If I have a stochastic matrix $X$- the sum of each row is equal to $1$ and all elements are non-negative.
Given this property, how can I show that:
$x'X=x'$ , $x\geq 0$
Has a non-zero solution?
I'm assuming this has something to do with proving a feasible dual, but not may be wrong..
On
Here is a hint for you:
Take $v = (1, 1, 1, \dots, 1)'$, the vector with only ones. By definition of your Matrix, you have $Xv = v$. Thus, $v$ is an eigenvector with eigenvalue 1.
Now change the first basis vector of your vector space to $v$ and keep the other unchanged.

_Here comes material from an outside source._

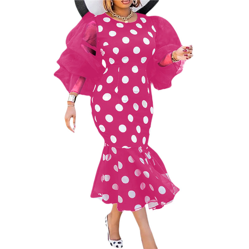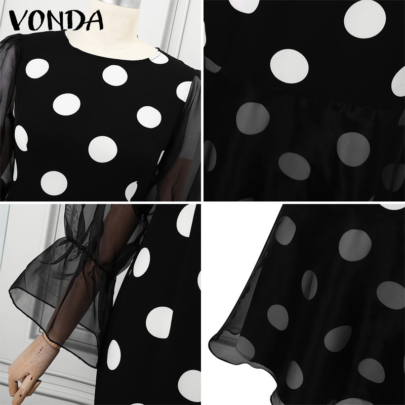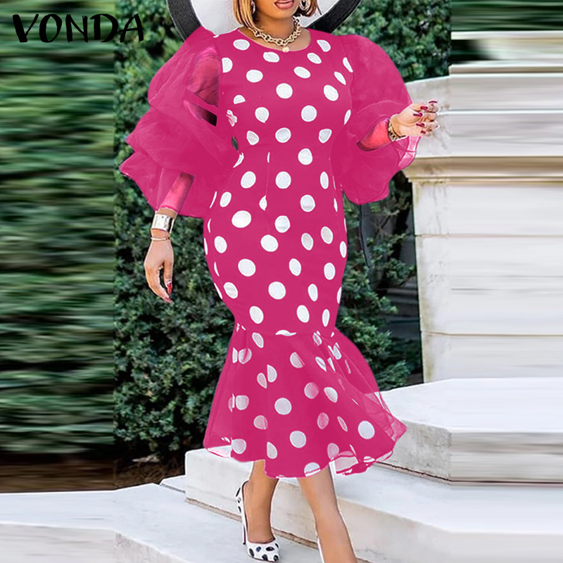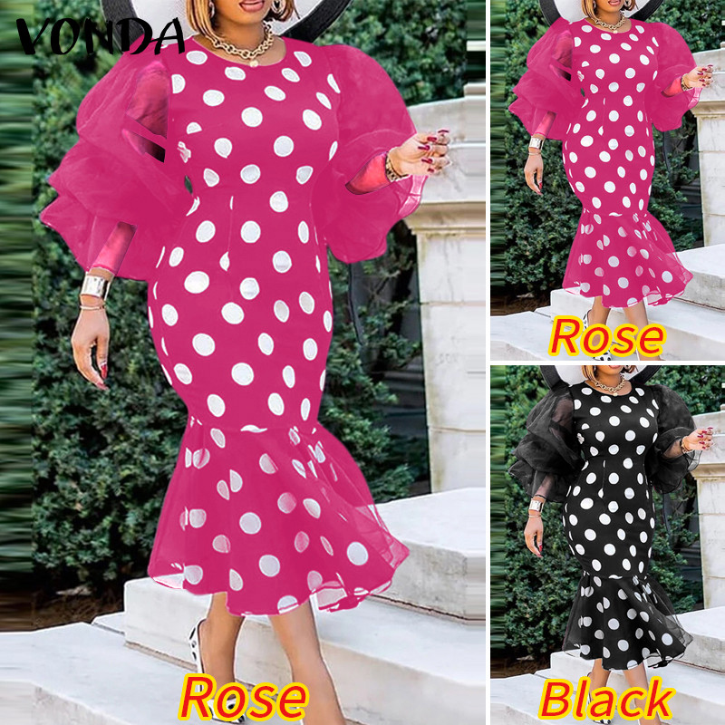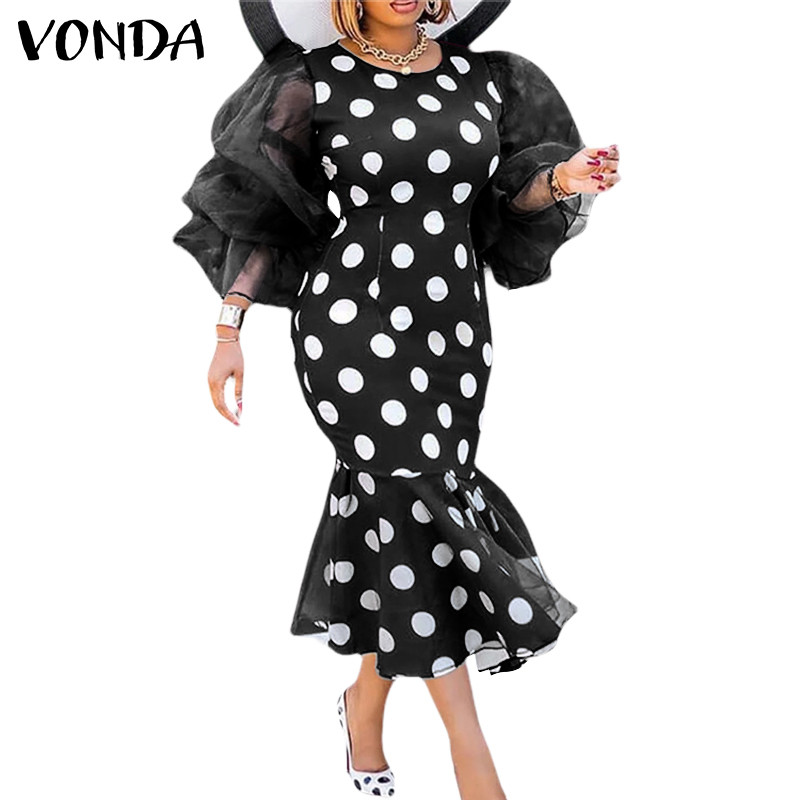 VONDA Women Vintage Mid-Length Long-Sleeved Crew Neck Appointment Dresses

In this new basis, what will $X$ looks like?
On
Here's the linear programming approach (with considerable help from another user, Fanfan). Consider the LP
$$\min 0^T y$$ subject to $$(X - I)y \geq 1,$$ where $0$ and $1$ are, respectively, vectors containing all 0's and all 1's.
By Fanfan's answer to my question this LP is infeasible. Thus its dual, $$\max 1^T x$$ subject to $$x^T (X-I) = 0^T,$$ $$x \geq 0,$$ is either infeasible or unbounded. But $x = 0$ is a solution, and so this dual problem is feasible. Thus it must be unbounded. But that means there must be a nonzero solution $x_1$ in its feasible region. Thus we have $x_1^T X = x_1^T$ with $x_1 \geq 0$, $x_1 \neq 0$.
(Fanfan's answer to my question also includes another answer to your question - one that uses Farkas's Lemma rather than LP duality. It ends up being quite similar to my answer here, as, of course, Farkas's Lemma and LP duality are basically equivalent.)
If your matrix $X$ is $n\times n$, then $X$ is the transition matrix of a Markov chain with state space $\lbrace 1 , 2 , \dots , n \rbrace$. The vector $x$ that you are looking for is a stationary measure for the Markov chain.
The existence of such a non-zero $x$ can be proven using probability theory, but a purely linear approach falls under Perron-Frobenius theory.
For instance, the averages ${1\over n}\sum_{k=1}^n X^k$ of the powers of $X$ converge to a matrix $M$ (this statement needs proof!). Then, it is easy to see that any row of $M$ can serve as $x'$ and solves $x'X=x'$. Note that the row sums of $M$ all equal 1, so $x\neq 0$.
As you suggest, maybe there is also an approach via linear programming.